- _Problem to solve_:
Below are the records. Retype exactly the lines between the lines holding "接着,我们又尝试了一个 genz 4" and "ชมคลิป >> วงจรปิดจับภาพนาทีชีวิต", inclusive.

- _Data shown_:
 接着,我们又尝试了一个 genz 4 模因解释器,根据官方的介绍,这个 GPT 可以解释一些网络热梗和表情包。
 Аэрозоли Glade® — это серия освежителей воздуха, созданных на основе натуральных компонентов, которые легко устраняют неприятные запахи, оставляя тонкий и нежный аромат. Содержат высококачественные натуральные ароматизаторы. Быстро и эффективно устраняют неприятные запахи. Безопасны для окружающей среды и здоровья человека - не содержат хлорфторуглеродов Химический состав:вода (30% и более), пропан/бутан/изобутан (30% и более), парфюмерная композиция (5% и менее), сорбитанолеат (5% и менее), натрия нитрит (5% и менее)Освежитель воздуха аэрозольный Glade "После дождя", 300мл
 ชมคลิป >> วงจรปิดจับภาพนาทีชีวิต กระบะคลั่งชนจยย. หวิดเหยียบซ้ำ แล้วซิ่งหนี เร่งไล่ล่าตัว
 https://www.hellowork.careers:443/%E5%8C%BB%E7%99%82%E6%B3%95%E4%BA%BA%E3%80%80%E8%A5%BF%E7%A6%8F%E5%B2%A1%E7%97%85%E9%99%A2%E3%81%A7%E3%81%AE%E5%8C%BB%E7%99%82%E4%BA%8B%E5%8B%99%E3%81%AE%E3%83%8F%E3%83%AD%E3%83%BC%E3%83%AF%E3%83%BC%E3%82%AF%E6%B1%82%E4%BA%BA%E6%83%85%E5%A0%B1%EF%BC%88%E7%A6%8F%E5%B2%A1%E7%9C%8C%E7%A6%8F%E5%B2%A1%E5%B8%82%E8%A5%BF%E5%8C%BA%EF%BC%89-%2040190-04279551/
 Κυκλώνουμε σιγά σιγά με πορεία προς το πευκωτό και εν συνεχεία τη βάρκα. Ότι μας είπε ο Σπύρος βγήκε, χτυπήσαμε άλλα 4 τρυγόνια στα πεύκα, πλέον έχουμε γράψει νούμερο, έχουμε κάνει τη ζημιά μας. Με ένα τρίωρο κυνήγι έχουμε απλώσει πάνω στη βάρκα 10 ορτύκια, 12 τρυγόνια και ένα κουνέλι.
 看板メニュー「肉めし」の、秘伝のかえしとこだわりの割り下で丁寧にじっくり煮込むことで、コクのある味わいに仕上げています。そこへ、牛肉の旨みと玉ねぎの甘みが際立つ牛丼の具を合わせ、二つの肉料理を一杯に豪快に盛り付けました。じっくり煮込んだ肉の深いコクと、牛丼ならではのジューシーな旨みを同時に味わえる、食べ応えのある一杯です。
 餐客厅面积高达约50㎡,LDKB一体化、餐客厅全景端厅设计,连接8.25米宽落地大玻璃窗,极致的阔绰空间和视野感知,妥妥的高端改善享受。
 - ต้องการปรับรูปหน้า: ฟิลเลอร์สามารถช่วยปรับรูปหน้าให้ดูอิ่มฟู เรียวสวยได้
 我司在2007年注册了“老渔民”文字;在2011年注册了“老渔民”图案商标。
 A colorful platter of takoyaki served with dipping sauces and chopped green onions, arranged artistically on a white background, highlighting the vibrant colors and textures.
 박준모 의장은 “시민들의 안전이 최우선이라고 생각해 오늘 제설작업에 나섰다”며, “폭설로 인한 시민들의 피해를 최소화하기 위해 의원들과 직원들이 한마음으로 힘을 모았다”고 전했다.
* * *
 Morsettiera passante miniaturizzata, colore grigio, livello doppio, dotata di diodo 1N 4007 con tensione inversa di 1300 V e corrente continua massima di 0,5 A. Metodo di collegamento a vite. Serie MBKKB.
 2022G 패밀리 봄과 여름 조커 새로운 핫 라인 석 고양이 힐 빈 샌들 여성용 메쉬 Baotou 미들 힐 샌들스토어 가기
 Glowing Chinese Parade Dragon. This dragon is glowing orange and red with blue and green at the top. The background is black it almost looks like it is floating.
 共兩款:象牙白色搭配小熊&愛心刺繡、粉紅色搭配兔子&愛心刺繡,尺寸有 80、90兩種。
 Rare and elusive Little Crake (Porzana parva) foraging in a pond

- _Output of the exercise_:
 接着,我们又尝试了一个 genz 4 模因解释器,根据官方的介绍,这个 GPT 可以解释一些网络热梗和表情包。
 Аэрозоли Glade® — это серия освежителей воздуха, созданных на основе натуральных компонентов, которые легко устраняют неприятные запахи, оставляя тонкий и нежный аромат. Содержат высококачественные натуральные ароматизаторы. Быстро и эффективно устраняют неприятные запахи. Безопасны для окружающей среды и здоровья человека - не содержат хлорфторуглеродов Химический состав:вода (30% и более), пропан/бутан/изобутан (30% и более), парфюмерная композиция (5% и менее), сорбитанолеат (5% и менее), натрия нитрит (5% и менее)Освежитель воздуха аэрозольный Glade "После дождя", 300мл
 ชมคลิป >> วงจรปิดจับภาพนาทีชีวิต กระบะคลั่งชนจยย. หวิดเหยียบซ้ำ แล้วซิ่งหนี เร่งไล่ล่าตัว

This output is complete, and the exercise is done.